In lieu of applying proceeds to the retirement of Funded Debt, debentures or
notes (including the Debt Securities) of the Company or a Restricted Subsidiary
may be surrendered to the applicable trustee for cancellation at a value equal
to the then applicable optional redemption price thereof or the Company or a
Restricted Subsidiary may credit the principal amount of Funded Debt voluntarily
retired within 180 days after such sale.

       Unless otherwise indicated in a Prospectus Supplement, the covenants
contained in the Indenture and the Debt Securities would not necessarily afford
Holders of the Debt Securities protection in the event of a highly leveraged or
other transaction involving the Company that may adversely affect Holders.

       CERTAIN DEFINITIONS

       "Attributable Debt" means, as to any particular lease under which any
Person is at the time liable and at any date as of which the amount thereof is
to be determined, the total net amount of rent required to be paid by such
Person under such lease during the remaining primary term thereof, discounted
from the respective due dates thereof to such date at the actual percentage rate
inherent in such arrangements as determined in good faith by the Company.  The
net amount of rent required to be paid under any such lease for any such period
shall be the aggregate amount of the amount payable by the lessee with respect
to such period after excluding amounts required to be paid on account of
maintenance and repairs, insurance, taxes, assessments, water rates and similar
charges.  In the case of any lease which is terminable by the lessee upon the
payment of a penalty, such net amount shall also include the amount of such
penalty, but no rent shall be considered as required to be paid under such lease
subsequent to the first date upon which it may be terminated.

       "Consolidated Net Assets" means total assets after deducting therefrom
all current liabilities as set forth on the most recent balance sheet of the
Company and its consolidated subsidiaries and computed in accordance with
generally accepted accounting principles.

       "Funded Debt" means (i) all indebtedness for money borrowed having a
maturity of more than 12 months from the date as of which the determination is
made or having a maturity of 12 months or less but by its terms being renewable
or extendable beyond 12 months from such date at the option of the borrower and
(ii) rental obligations payable more than 12 months from such date under leases
which are capitalized in accordance with generally accepted accounting
principles (such rental obligations to be included as Funded Debt at the amount
so capitalized).

       "Person" means any individual, corporation, partnership, joint venture,
association, joint-stock company, trust, unincorporated organization or
government or any agency or political subdivision thereof.
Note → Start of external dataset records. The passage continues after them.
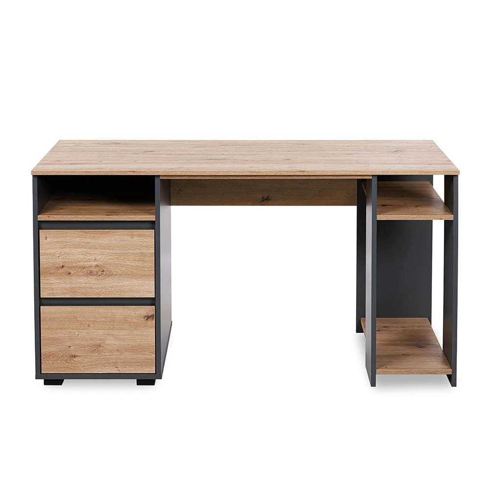 Biurko Dalia antracyt -dąb to funkcjonalny i nowoczesny mebel idealny do pokoju młodzieżowego lub domowego biura. Utrzymane jest w kolorystyce drewna dębowego oraz antracytu, co nadaje mu lekkości i uniwersalnego charakteru. Posiada dwie praktyczne szuflady, które ułatwiają przechowywanie przyborów szkolnych, dokumentów czy drobiazgów. Nad szufladami znajduje się otwarta półka, która sprawdzi się jako miejsce na książki lub notatki.
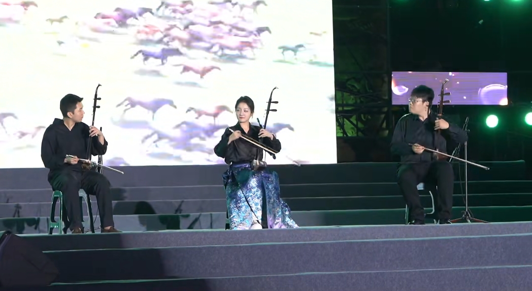 演出在气势磅礴的《龙腾虎跃》中震撼开场,激昂的鼓点瞬间点燃全场氛围;二胡独奏《红军哥哥回来了》以深情婉转的旋律,再现军民鱼水情深的动人故事;琵琶古曲《十面埋伏》再现楚汉争霸的壮烈场景;古筝独奏《行者》带领观众穿越千年丝路,感受大漠孤烟的苍茫与悠远;唢呐独奏《望平川》展现西北苍茫;竹笛齐奏《扬鞭催马运粮忙》以欢快热烈的节奏,展现劳动人民丰收的喜悦;二胡齐奏《新赛马》以奔腾不息的旋律,传递出昂扬向上的精神风貌;吹打乐《将军令》以恢宏的气势将演出推向高潮,赢得观众经久不息的掌声。
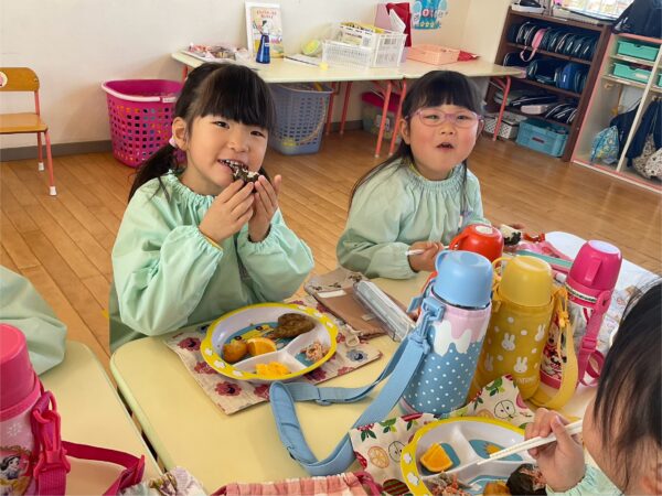 給食のバイキングも好きな物を選んでお腹いっぱい食べている子どもたちでした💕
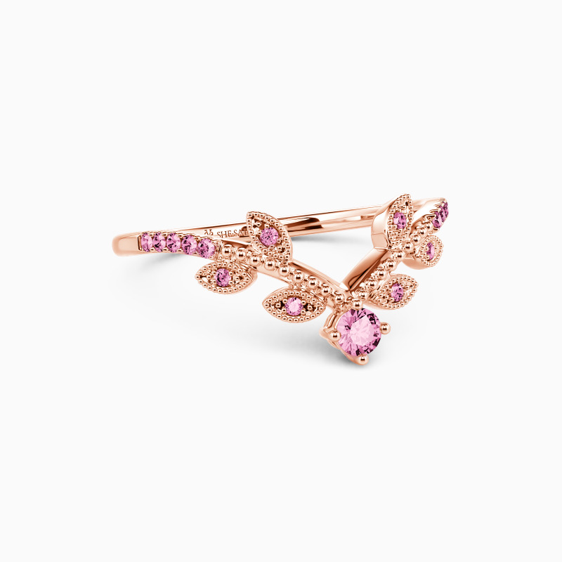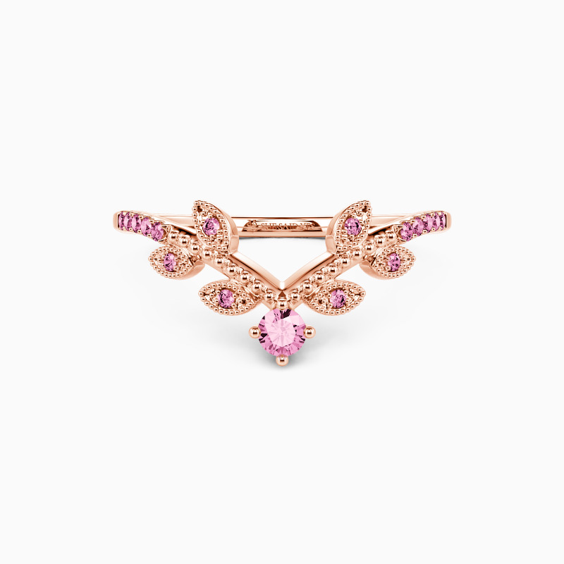 This modern band is a perfect way to add a touch of style and elegance to any ensemble. The leafy design runs along the shank reminding you to enjoy the natural joy in life. It sparkles with the twinkling round-cut stone and intricate milgrain borders. Stack or wear it solo, make a statement with this prominent masterpiece.
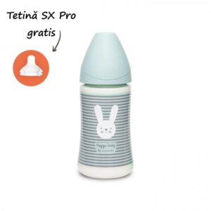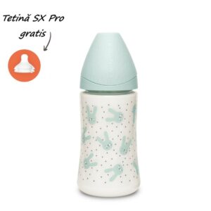 Biberon 270 ml cu tetină rotundă din silicon, 3 fluxuri, iepuraș cu linii verzi, Hygge Suavinex
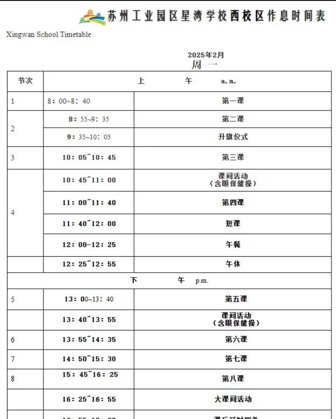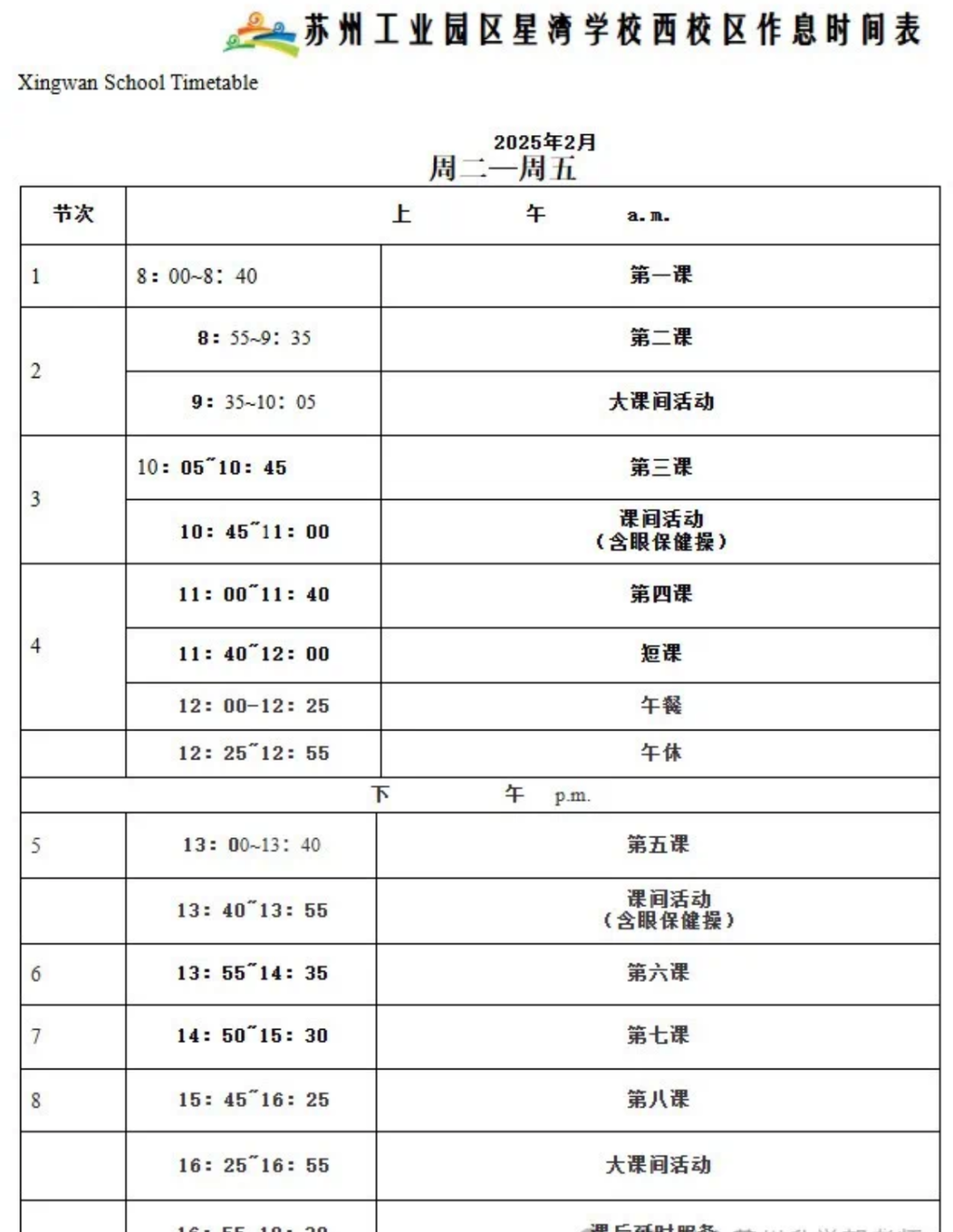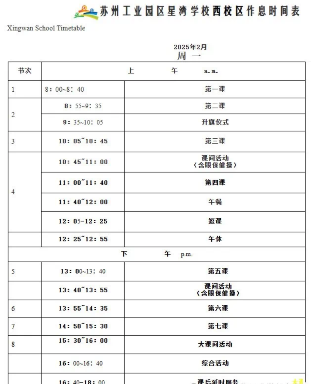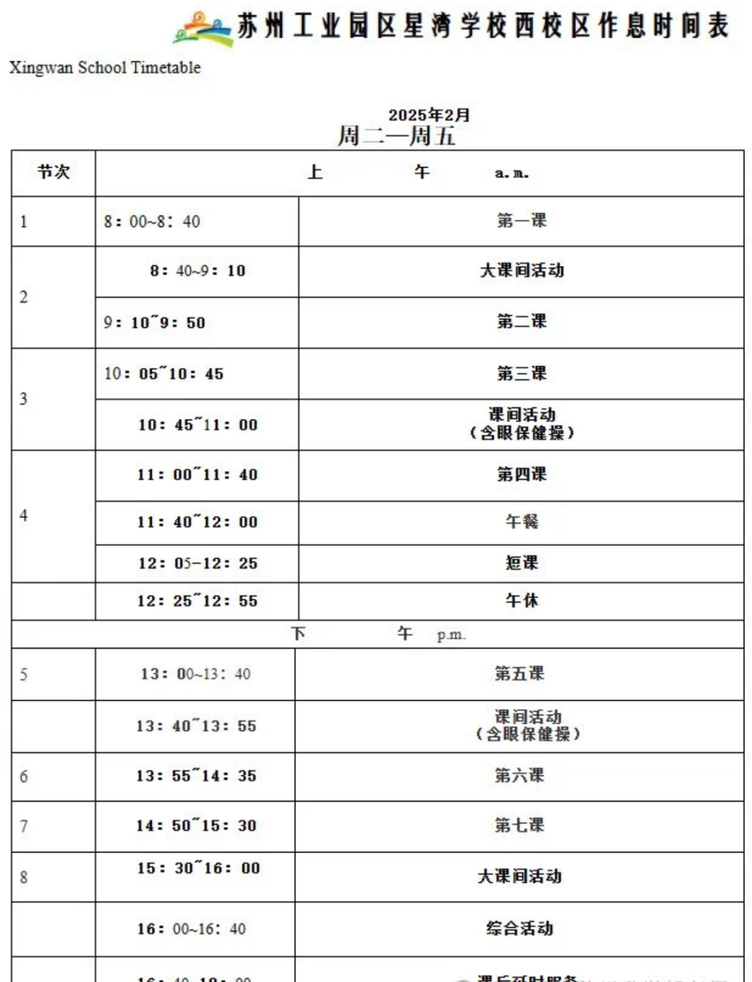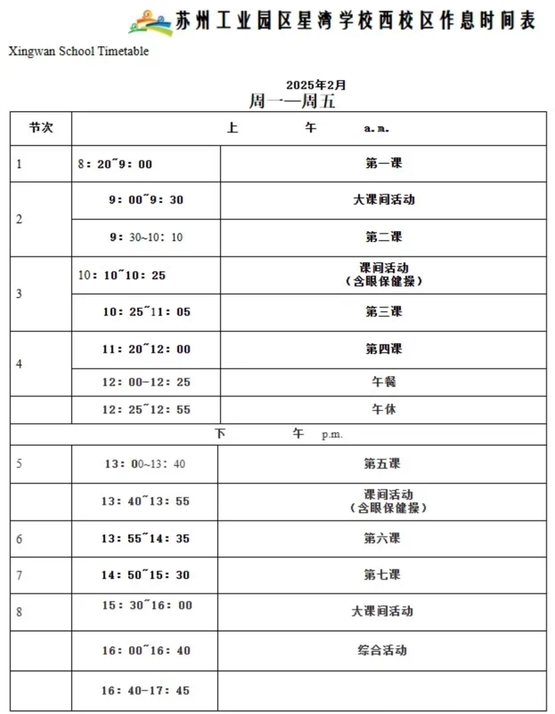 7.作息时间表&课程表

       "Principal Property" means any manufacturing or processing plant or
warehouse  owned  at  the  date hereof or hereafter acquired by the Company or
any Restricted  Subsidiary of the Company which is located within the United
States of America and the gross book value (including related land and
improvements thereon and all machinery and equipment included therein without
deduction of any depreciation reserves) of which on the date as of which the
determination is being made exceeds 2% of Consolidated Net Assets other than (i)
any property which in the opinion of the Board of Directors is not of material
importance to the total business conducted by the

                                       7
<PAGE>
 
Company as an entirety or (ii) any portion of a particular property which is
similarly found not to be of material importance to the use or operation of such
property.

     "Restricted Subsidiary" means a Subsidiary of the Company (i) substantially
all the property of which is located, or substantially all the business of which
is carried on, within the United States of America and (ii) which owns a
Principal Property, but does not include a Subsidiary of the Company engaged
primarily in the development and sale or financing of real property.

MERGER AND CONSOLIDATION

     The Company covenants that it will not merge or sell, convey, transfer or
lease all or substantially all of its assets unless the successor Person is the
Company or another Person that assumes the Company's obligations on the Debt
Securities and under the Indenture and, after giving effect to such transaction,
the Company or the successor Person would not be in default under the Indenture.

EVENTS OF DEFAULT

     The Indenture defines "Events of Default" with respect to the Debt
Securities of any series as being one of the following events: (i) default in
the payment of any installment of interest on that series for 30 days after
becoming due; (ii) default in the payment of principal (or premium, if any) on
that series when due; (iii) default in the performance of any other covenant
with respect to the Debt Securities of that series or in the Indenture (other
than a covenant included in the Indenture solely for the benefit of any series
of Debt Securities other than that series) continued for 90 days after notice;
(iv) certain events of bankruptcy, insolvency or reorganization; and (v) any
other Event of Default provided with respect to Debt Securities of that series.
The Indenture contains no Events of Default or other provisions which
specifically afford holders of the Debt Securities protection in the event of a
highly leveraged transaction.

     If an Event of Default shall occur and be continuing with respect to the
Debt Securities of any series, either the Trustee or the Holders of at least 25%
in principal amount of the Debt Securities of that series then outstanding may
declare the principal (or such portion thereof as may be specified in the
Prospectus Supplement relating to such series) of the Debt Securities of such
series and the accrued interest thereon, if any, to be due and payable.  The
Indenture provides that the Trustee shall, within 90 days after the occurrence
of a default known to a Responsible Officer of the Trustee, give the Holders of
Debt Securities notice of all uncured defaults known to it (the term "default"
to mean the events specified above without grace periods); provided that, except
in the case of default in the payment of principal of or interest on any Debt
Security, the Trustee shall be protected in withholding such notice if it in
good faith determines the withholding of such notice is in the interest of the
Holders of Debt Securities.  At any time after such declaration of acceleration
has been made, but before a judgment or decree for payment of the money due has
been obtained by the Trustee, the Holders of a majority in principal amount of
the Debt Securities of that series then outstanding, by written notice to the
Company and the Trustee, may, in certain circumstances, rescind and annul such
declaration.

     The Company will be required to furnish to the Trustee annually a statement
by certain officers of the Company to the effect that to the best of their
knowledge the Company is not in default in the fulfillment of any of its
obligations under the Indenture or, if there has been a default in the
fulfillment of any such obligation, specifying each such default.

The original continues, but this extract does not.